For the validation study, participants were again recruited via the Qualtrics Panel. Eligible respondents were (a) residing in the United States, (b) working as professional educators of K-5 students, and (c) teaching English language arts, literacy, or reading. Participants who matched the eligibility criteria and consented to participate in the research study were asked to complete the online survey. Panelists who completed the survey received approximately $5 or the equivalent in redeemable points directly from Qualtrics. Although the survey collected no identifying information, Qualtrics ensured that participants were only able to take the survey one time.

Quota sampling was used to ensure a sample of respondents that were diverse in terms of age, race, ethnicity, and region. The survey utilized an opt-in sample and was not designed to be fully representative of the national population. However, Qualtrics has been found to be more demographically representative than surveys recruited through other opt-in approaches (Boas et al., 2020). Table 1 displays demographic information for the survey sample. The sample broadly mirrored the regional, racial, and ethnic breakdown of the United States, based on the 2020 Census (U.S. Census Bureau, 2020). The average age of survey respondents was 44.62 years (range = 20–77 years). Participants taught in 46 states (with 10% teaching in California, 9% in Texas, and 7% in Florida).

Table 1 Teacher demographic information

All surveys were conducted in English. Although items within each subscale were not randomized, subscales were presented to participants in a random order. Participants were required to choose at least one answer option for each item before moving on to the next item but could end the survey at any time. Participants were excluded from the analysis if they did not answer all items. Additionally, to minimize inattentive responses, participants were excluded from the analysis if their survey was completed in less than ten minutes. Overall, 457 participants began the survey, but only 313 participants provided complete data for our analyses. The average time to complete the entire survey was 19 min.

Results

TULIP survey item analysis

We performed an analysis of the difficulty and discrimination of the TULIP survey items, which is presented in Supplemental Appendix B. Few items were extremely easy or extremely difficult: the median proportion correct was 0.49 and 80% of the items (45 of 55) had a proportion correct between 0.35 and 0.71. Most of the items had good discrimination in terms of their associations with both the domain and the overall scores: 75% of the items (41 of 55) had item-domain score and item-total score correlations greater than 0.30. The median item-domain score correlation was 0.40 and the median item-total score correlation was 0.43.

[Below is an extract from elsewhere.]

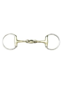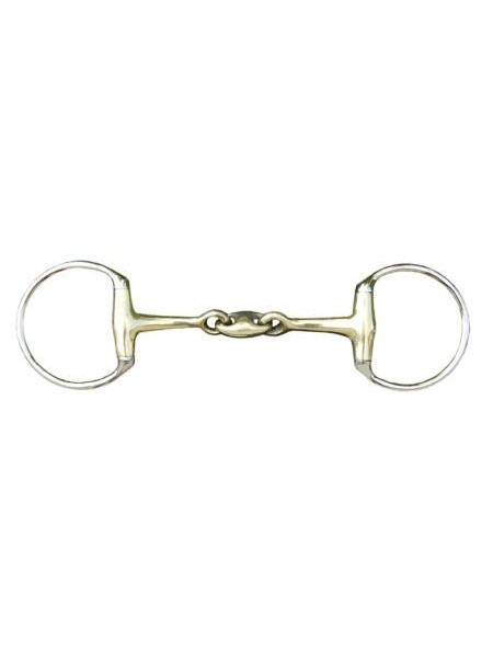 Wędzidło oliwkowe podwójnie łamane wykonane z argentanu ( niemieckie srebro ) w kolorze złotym, kółka ze stali szlachetnej w kolorze srebrnym.
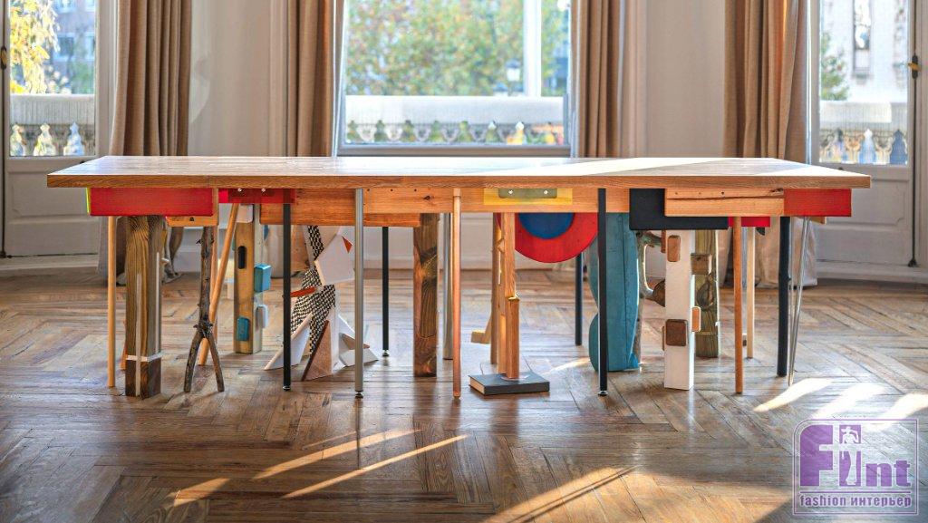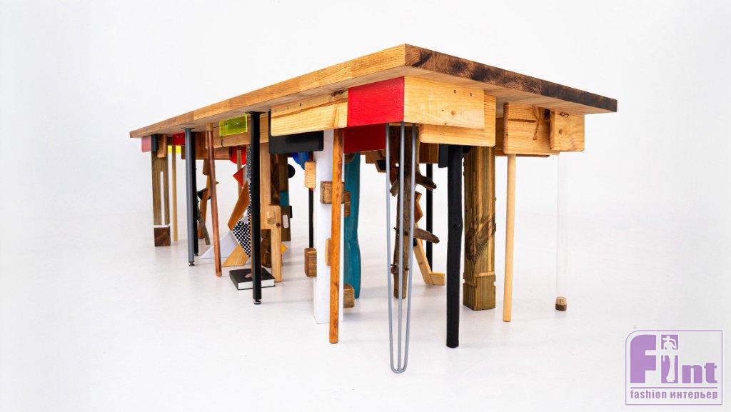 На самом деле цель дизайнеров вполне благая: «Мы хотим, чтобы люди думали: „Черт, мне попалась ножка!“ А потом радовались, что они не одни такие невезучие, и что за этим столом все равны». Стол имеет в длину 2,75 м, и у него целых 34 ножки, причем, все разные! «Этот стол переосмысливает традиционный дизайн как нечто полезное и функциональное и предлагает взглянуть на него с другой, ироничной стороны», — говорят авторы необычного объекта.

TULIP survey factor structure

We performed confirmatory factor analyses (CFAs) to understand the constructs that underlay responses to the TULIP survey. We believed that responses would be organized around five literacy domains: (a) PA, (b) phonics, decoding, and encoding, (c) reading fluency, (d) oral language, and (e) reading comprehension. To determine the appropriateness of this model, we compared the fit of a one-factor model in which all items loaded on a single overall factor to a five-factor model in which the items were organized around the proposed domains. The latent domain scores were allowed to covary in the five-factor CFA.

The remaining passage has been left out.